Another patient right under HIPAA is to file a complaint if they suspect a violation of their medical record privacy. Patients have a right to access PHI within a “designated record set.” This includes medical records and billing information maintained by or for a covered healthcare provider; or enrollment, payment and claims adjudication maintained by or for a health plan or other records that are used in part or in full by a covered entity to make decisions about an individual’s health.
However, patients do not have a right to access PHI that is not a part of a “designated record set” as this information is not used by the healthcare providers to make decisions about the patient’s medical care. Two other categories of information that are not included in the right of access are psychotherapy notes and information compiled as part of or for use in a civil, criminal or administrative action or proceeding. The other type of PHI access mandated by HIPAA is their representatives asking to see PHI.

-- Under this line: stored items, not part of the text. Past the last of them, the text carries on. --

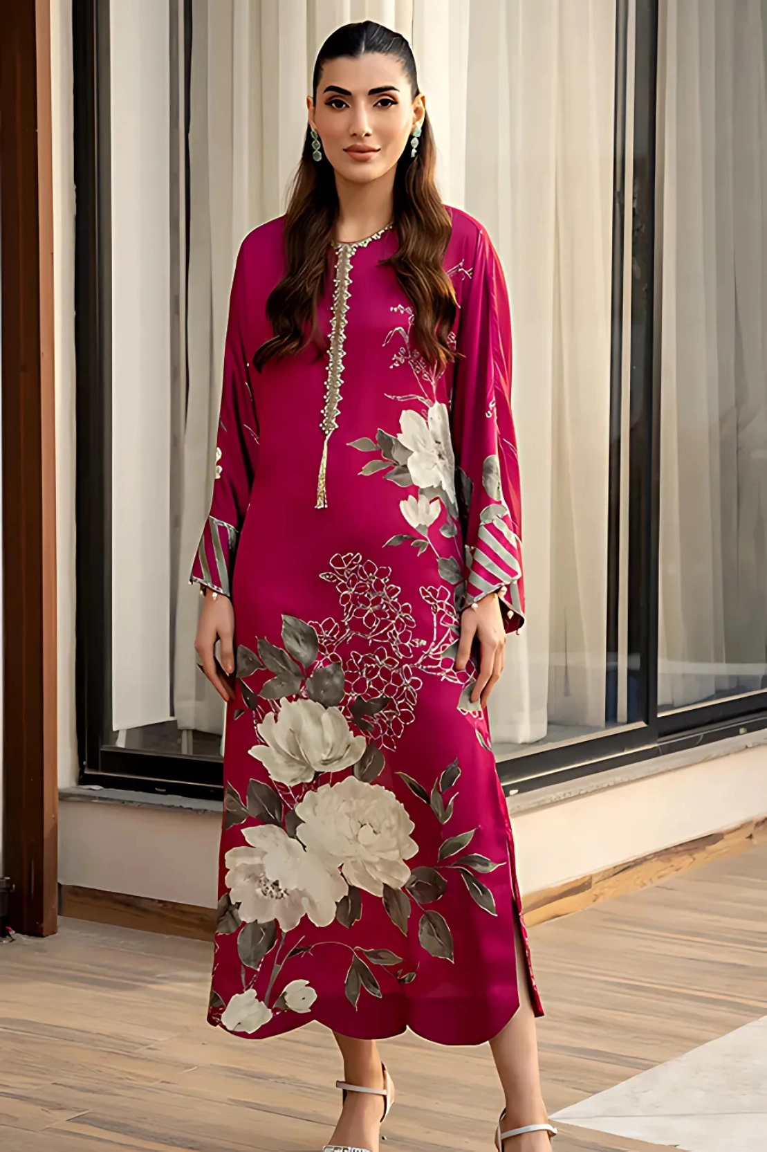 This dress made in soft charmeuse silk fabric, in floral print, features crew neckline with hook & eye closure along the back, crystal embellishment along the neckline and front with a crystal tassel hanging, kimono sleeves with crystal hangings, scallop detail along the hem and side slits.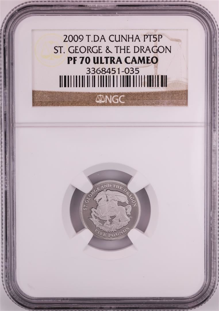 One 2009 T.DA Cunha 1/10 oz St. George & Dragon Platinum Coin NGC PF70 Ultra Cameo. NGC Certified.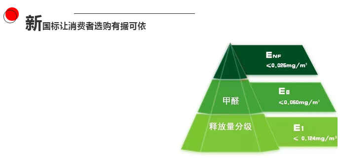 相對于2017年的國標,在室內(nèi)用人造板及其制品甲醛釋放量分級上,E1等級甲醛釋放數(shù)值不變;E2級徹底告別歷史舞臺,成為過去式;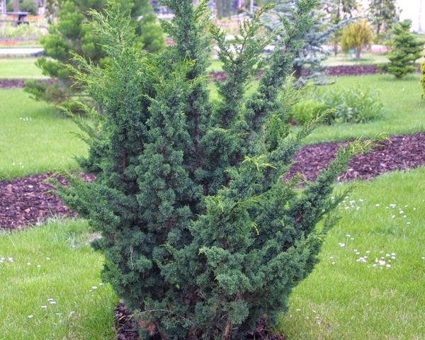 Вечнозеленый можжевельник китайский Блаув из семейства Кипарисовые — медленно растущее деревце, достигающее 180 см в высоту во взрослом возрасте. Диаметр куста не превышает 130 см. Годовое увеличение размера растения составляет 5–10 см.
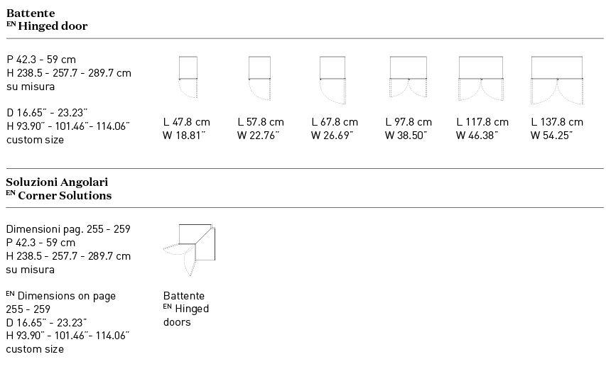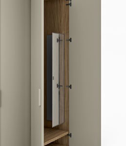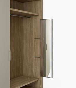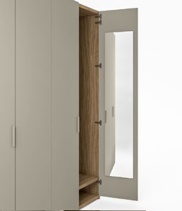 Tipologia di anta: questa linea di armadi Confalone è realizzata con una innovativa anta a battente che può raggiungere una apertura di 180°.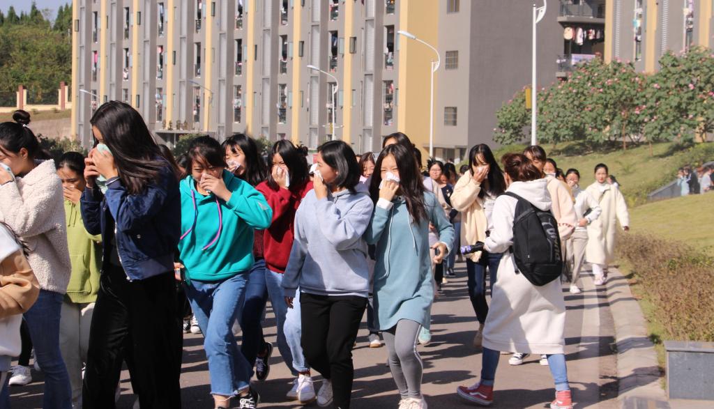 为增强师生安全意识,帮助师生学习、掌握安全知识、技能,熟悉紧急疏散路线,提升自救自护能力。11月14日下午,我院在德阳校区开展2019级新生应急疏散演练和消防培训。院领导江涛、张先庚、陈劲松、卢燕,四川省消防协会教官周金贤以及学院相关职能部门负责人现场观摩指导,学院院长张先庚担任总指挥。

PHI in medical records, according to the US Department of Health and Human Services, includes individually identifiable information such as name, address (including street address, city, county, zip code), elements of dates (including birth date, admission date, discharge date, date of demise and exact age if patient is over the age of 89), telephone numbers, FAX numbers, email address, and social security number. PHI also includes medical record number, health plan beneficiary number, driver’s license number, vehicle license plate number, device serial numbers, web URLs, IP address, biometrics like fingerprints or voice prints, photographic images, and any other unique identifying numbers.
ePHI Maintenance and Portability
The HIPAA Privacy Rule governs the maintenance of PHI within electronic medical records (EMR), their portability, and sharing. Typically, hospitals and practices use data encryption protect patient’s medical records stored within the EMR. Healthcare computer systems and networks are required to install other data security systems, including firewalls, to ensure that there is no unauthorized access to EMRs. In addition, electronic auditing systems identify users themselves and create specific log records that are accessed by them. HIPAA data security audits of healthcare provider systems on a regular basis are essential to prevent a HIPAA breach, ensure compliance, and mitigate penalties for unforeseen problems.

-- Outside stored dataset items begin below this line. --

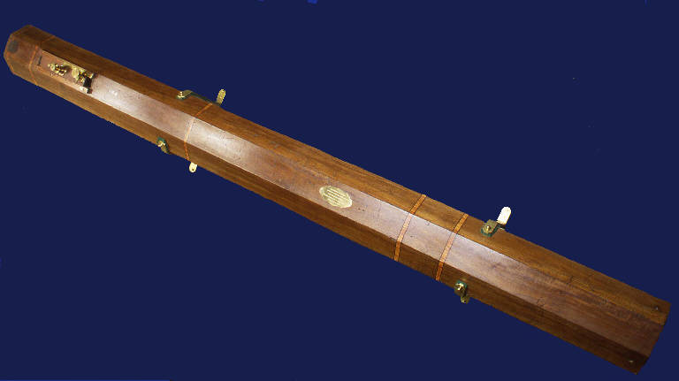 Negli ultimi decenni del Settecento e nei primi dell'Ottocento l'Osservatorio di Brera acquisì, oltre ad alcuni rifrattori, almeno una decina di riflettori. Questi telescopi erano dotati di specchi metallici ottenuti con leghe di particolare composizione atte a fornire un buon potere riflettente (dette genericamente metallo per specchi); non erano limitati da cromatismo come i cannocchiali del tempo e, avendo inoltre elementi ottici principali fino a 12 pollici di apertura e 17 piedi francesi di lunghezza focale, risultavano più potenti degli strumenti a lente. Alcuni furono acquisiti completi di montatura, mentre di altri furono fornite le sole ottiche con al più il tubo in cui erano alloggiate. A causa delle notevoli distanze focali degli specchi di maggiori dimensioni la costruzione della montatura dei telescopi, di tipo altazimutale, e della relative cupole pose agli astronomi di Brera delle serie difficoltà che di fatto impedirono un uso operativo di questi strumenti. Quasi tutti gli specchi e gli strumenti acquisiti in quest'epoca sono andati perduti, come riportano le annotazioni apposte all'"Inventario del 1921 con aggiornamenti". \nRimane parte di uno dei telescopi maggiori, restaurata nel 1996 dai sigg. Nello Paolucci e Domenico Gellera.\nÈ un tubo di legno pregiato, della lunghezza di cm 380.5. \nLa sezione del tubo è ottagonale e le facce opposte distano esternamente di 33 cm ed internamente di 30 cm. \nPresso un'estremità del tubo è ricavata una apertura rettangolare; a fianco dei lati maggiori di essa sono sistemate due guide che permettono il movimento parallelamente all'asse ottico della tavola porta oculare.\nLa corsa possibile è di una decina di cm da entrambi i lati di un punto sito a 54 cm da un bordo del tubo e 326.5 cm dall'altro. \nLa tavola, di legno, reggeva da un lato il tubo in cui poteva essere posizionato l'oculare e dall'altro, internamente al tubo e solidale con l'oculare, il supporto che portava lo specchietto newtoniano di rinvio, inclinato di 45 gradi sull'asse ottico del telescopio.\nAll'estremità inferiore del tubo si adatta una struttura metallica in fusione (n. inv. 1082), di forma ottagonale, che termina con un'apertura circolare di 25.5 cm collocata in un un piano normale all'asse ottico del telescopio. Questa parte, inchiavardata ai lati del tubo da viti passanti, oltre a conferire rigidità all'intera struttura lignea serviva a portare la cella in cui era collocato lo specchio principale. Su questo strumento manca la firma del costruttore che può tuttavia essere identificato analizzando dati ripresi da varie fonti d'archivio. La lunghezza del tubo indica anzitutto che esso apparteneva ad uno dei due maggiori telescopi acquisiti in quell'epoca: il 12 piedi del costruttore modenese Giovan Battista Amici (1786-1863), oppure il riflettore di pari focale ma di minore apertura (9 pollici e 1/2) di Giovanni Grisostomo Gualtieri (?-1852). \nTenendo presente il modo con cui la parte in fusione è fissata al tubo in legno, lo specchio non poteva essere alloggiato all'interno di questa, poichè ciò avrebbe impedito il fissaggio al tubo del gruppo specchio + parte in ghisa. Inoltre anche le lunghezze focali di entrambi gli specchi (Amici o Gualtieri) esigerebbero, per una posizione accettabile dell'oculare, che lo specchio principale fosse collocato esternamente alla parte di fusione. Infine l'apertura circolare di quest'ultima è pari al diametro del Gualtieri, ma non è compatibile con lo specchio d'Amici, di dimensioni maggiori, che avrebbe diaframmato.\nAnnotazioni inventariali relative agli anni 1834, 1837-1841 precisano che il tubo del telescopio d'Amici di 12 piedi era di latta verniciata. Questo dato concorda con il disegno (in scala) dello stesso strumento riportato nella nota di \n\n(continua nella scheda catalografica completa in allegato)
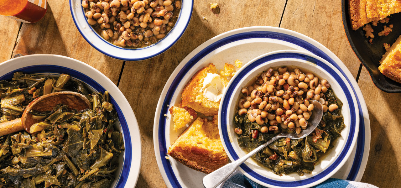 On New Year’s Day, families across North Carolina sit down to dinners of ham, black-eyed peas, collard greens, and corn bread. The superstitious tradition of the New Year’s table supposedly brings prosperity for the coming year, although no one is quite sure why or even where the tradition originated. Some say the financial good fortune comes because peas look like coins and collards resemble folding money. Others claim it’s an inexpensive meal that sets a frugal tone. The meal itself has changed a bit over the years, too. Luck, it seems, is in the black-eyed pea of the beholder.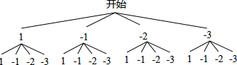 分析:首先根据题意画出树状图,然后由树状图求得所有等可能的结果以及两次摸出的小球上两个数字乘积是负数的情况,再利用概率公式即可求得答案.

Data Breaches and Security Training
Compliance breaches are frequently the unintentional results of healthcare workers who are not sufficiently trained or lack awareness of the proper policies and procedures for the use and disclosure of health information. As a practice owner or hospital leader, it is critically important to create a culture of compliance within your organization. All staff members should undergo formal training and annual refresher courses to ensure your organization’s compliance with both federal and state laws. You can test the effectiveness of this training through exercises and desk audits.

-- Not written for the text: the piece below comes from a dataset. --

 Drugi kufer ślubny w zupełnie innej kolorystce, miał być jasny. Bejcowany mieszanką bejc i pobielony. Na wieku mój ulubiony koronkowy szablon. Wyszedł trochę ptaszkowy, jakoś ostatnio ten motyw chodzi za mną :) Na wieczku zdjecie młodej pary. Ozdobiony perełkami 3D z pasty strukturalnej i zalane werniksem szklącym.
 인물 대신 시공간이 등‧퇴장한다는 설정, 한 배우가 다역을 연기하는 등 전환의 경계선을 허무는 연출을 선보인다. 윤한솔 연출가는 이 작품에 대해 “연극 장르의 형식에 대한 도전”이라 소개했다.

Data breaches are most likely to affect healthcare security systems according to a Verizon 2018 Study. EMRs and the healthcare industry have the immense responsibility of guarding medical records and PHI of millions of patients. Increasing use of mobile devices for transmission of sensitive healthcare information requires stronger mobile data security. As data breaches have become nearly daily notices in the 24-hour news cycle, more patients are becoming aware of ePHI and concerned about the security of their information. Besides excessive fees for data sharing, security concerns, unless addressed urgently, may prevent effective patient access and sharing of PHI.